Early Neolithic hoard from Serbia examined


Archaeologists from the University of Tübingen’s Institute of Prehistory are working with the Serbian Archaeological Institute in Belgrade to analyze the most comprehensive Early Neolithic hoard ever found. Work on the nearly 8000 year old collection of jewelry and figurines is funded by the Thyssen Foundation.

Early Neolithic hoard from Serbia examined
Belica hoard, two views of a stylized woman (serpentinite) [Credit: Nebosja Boric, Belgrade]

The unique hoard is composed of some 80 objects made of stone, clay and bone. “This collection from Belica, in all its completeness, provides a unique glimpse into the symbols of the earliest farmers and herdsmen in Europe,” says Tübingen archaeologist Dr. Raiko Krauss, who heads the German side of the project.

Early Neolithic hoard from Serbia examined
Belica hoard, miniature phallus (serpentinite) [Credit: Nebosja Boric, Belgrade]

The objects include stylized female figures, parts of the human body, as well as miniature axes and abstract figures. Much attention has been given to the rotund female figures of water-smoothed stone given human features by human hands. Were they idols, lucky charms or fertility symbols? Their purpose is unknown.

Early Neolithic hoard from Serbia examined
Belica hoard, two views of a representation of the sickle moon (serpentinite) [Credit: Nebosja Boric, Belgrade]
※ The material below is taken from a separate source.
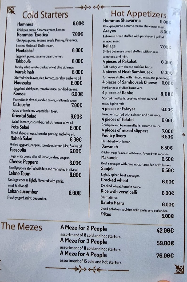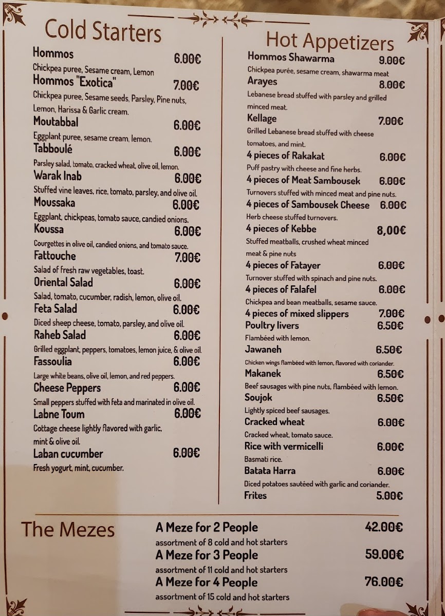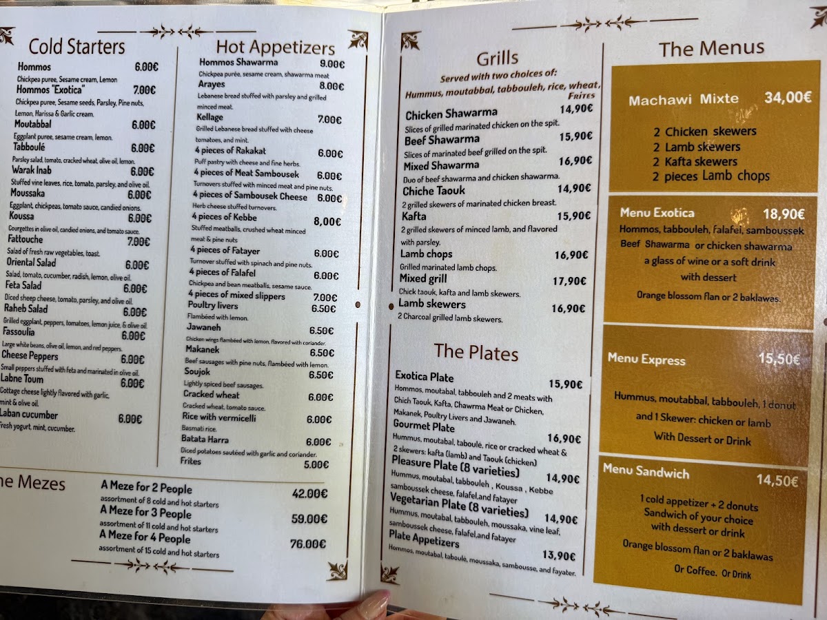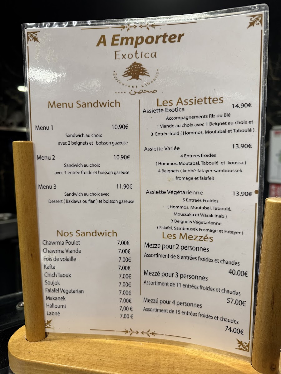 Exotica is a vibrant Lebanese and halal restaurant nestled in the heart of Paris, offering a rich palette of Mediterranean flavors. The menu masterfully blends traditional Lebanese dishes with fresh, aromatic ingredients, making it a haven for both meat lovers and vegetarians alike. Start your culinary journey with their cold entrées like the creamy Hommos Exotica, a delightful twist on classic chickpea purée infused with harissa and garlic cream, or the zesty Tabboulé bursting with parsley and lemon.

The stone objects are mainly of serpentinite from an ophiolite belt running some 40km west of the Belica site. The rock was washed out of the mountains and worn smooth by rivers and streams. Neolithic artists then selected the pebbles they wanted from the valleys.

Early Neolithic hoard from Serbia examined
Belica hoard, bone figurine [Credit: Nebosja Boric, Belgrade]

Archaeologists mapped the outline of an Early Neolithic settlement in June of this year using the distribution of finds on the surface as a guide. In the middle, they found the largely undisturbed hoard. Using modern geophysical prospection methods, they were able to bring buried parts of the settlement to light during summer excavations.

“Important finds like this should be prominently displayed in the Serbian National Museum,” says Krauss of the hoard. “But the National Museum in Belgrade has been closed since the civil war.” So Krauss is working with his Serbian colleagues on an exhibition at the University of Tübingen Museum in Hohentübingen Castle. The modern world will first get to see the Belica hoard there in the winter semester of 2013/14. The hoard, and the results of the current investigation, are to be published in German and Serbian.